Посланные своим далеким и могучим, наверное, ханом татаро-монголы разгромили непобедимое Хорезмское царство, прошли Кавказские горы, не вступая в серьезные стычки с мужественными грузинами, внезапно напали на половецкие станы и рассеяли ханов с их дикими всадниками по степям, сами еще более дикие, чем половцы, значит, и еще более страшные.
Тогда половецкий хан Котян направился в далекий Галич к своему зятю Мстиславу Удалому и уговорил его собрать русских князей против новой и страшной силы чужеземной.
В Киев съехались князья с тремя Мстиславами во главе: Киевским Мстиславом Романовичем, Галицким Мстиславом Мстиславовичем и Черниговским Мстиславом Святославовичем. Половцы дарили князьям коней, верблюдов, буйволов, невольниц, а чтобы окончательно преодолеть княжеские колебания, хан Котян произнес там свое краткое и мрачное предсказание, которому, к горечи и беде, суждено было сбыться: "Если не поможете нам, то сегодня мы будем посечены, а завтра - вы".

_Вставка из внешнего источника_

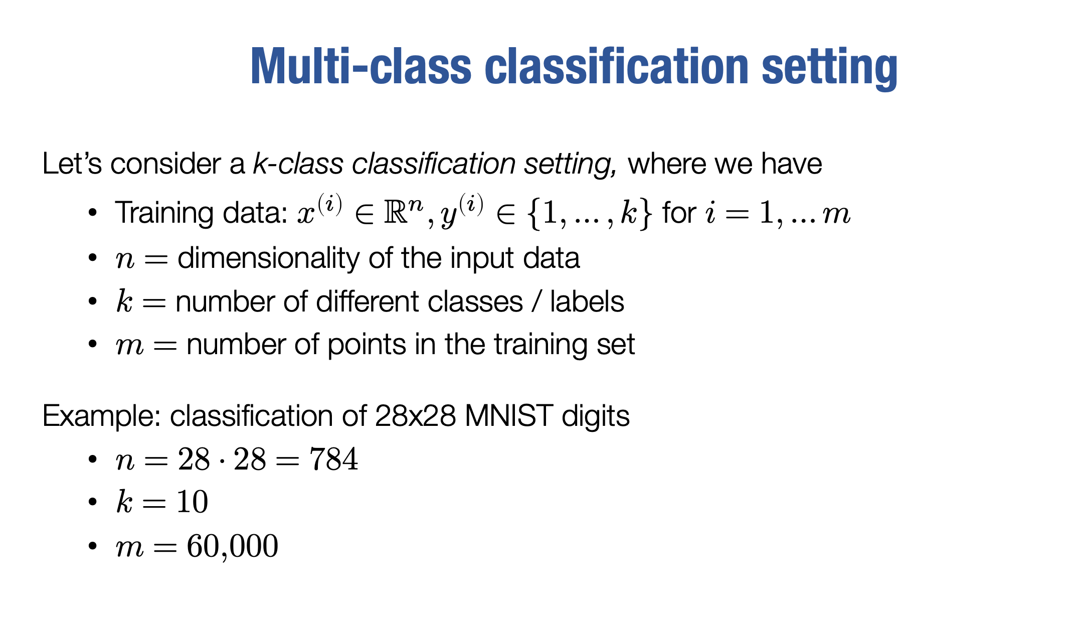 我们现在要讨论的是Muti-class classification,特别是一个k类分类问题。

Князья недолго ряд держали, без проволочек и приготовлений особых, быстро вышли за Днепр, углубились в степи и на речке Калке встретились с монголо-татарами. Вышло так, что половцы почему-то то ли задержались, то ли умышленно бежали и не все князья своевременно дошли к месту битвы, ордынцы, подговорив себе в подмогу бродников, разбили русское войско, захватили в плен многих князей во главе с Мстиславом Киевским, связанных ремнями, положили их вповалку, а сверху накрыли досками, на которых расположились вместе с бродниками пировать, и князья погибли позорной, нечеловеческой смертью, задавленные пирующими врагами, которые пили над ними кумыс, ели вареную баранину, слушали диких своих певцов, похваляясь своими подвигами.
Горе и печаль обрушились на Русскую землю, плач и стон стоял повсеместно по убитым и уничтоженным воинам, о князьях же, раздавленных врагом жестоко, подло и позорно, молвилось без конца с горечью, вздохами и страхом, потому что такая гибель владетелей предвещала еще более страшное бедствие.
Жили тогда в таком страхе, что смерть не считалась самым великим злом, зато честь и достоинство человеческое ставились даже выше смерти, в сохранении достоинства утверждалась неистребимость людская; в том же, как ордынцы расправились одним махом чуть ли не со всеми князьями земли Русской, усматривалась великая утрата достоинства целого народа и унижение, из которого никто не знал, как найти выход.
Если бы речь шла о смерти одного какого-нибудь князя, о поражении его в битве с врагом, пусть и не очень значительным, но уважаемым за силу и доблесть. Бывали смерти не очень и почетные, даже бессмысленные, об этом молвилось и теми, кто шел и ехал через мост, и самими мостищанами, которые собирали вести отовсюду, но все же эти вести были не такие, как с берегов Калки.
Скажем, когда был убит князь Роман Галицкий. Пошел, не подготовившись как следует, на польского князя Лешка Белого, но под Завихостом на Висле встретил его воевода мазовецкий Кристин и столкнул в реку всю дружину Романа. Сам князь Роман, утратив коня, пересел на какую-то клячу, чтобы переплыть Вислу, но был сражен копьем. Глупая смерть, но в битве бывает всяко.
А спустя некоторое время тот же самый Лешко Белый пошел на князя гданского Святополка и опять-таки вел себя очень беспечно в походе. Напали на него гданские люди, когда мылся в бане, и князь нагишом выскочил и дал деру на коне, а гданчане пустились вдогонку и настигли Лешка возле Бискупинского озера, на лугу, настигли с двух сторон и голого зарезали, как вымытого поросенка. Бессмысленная смерть, но виноват в этом сам князь.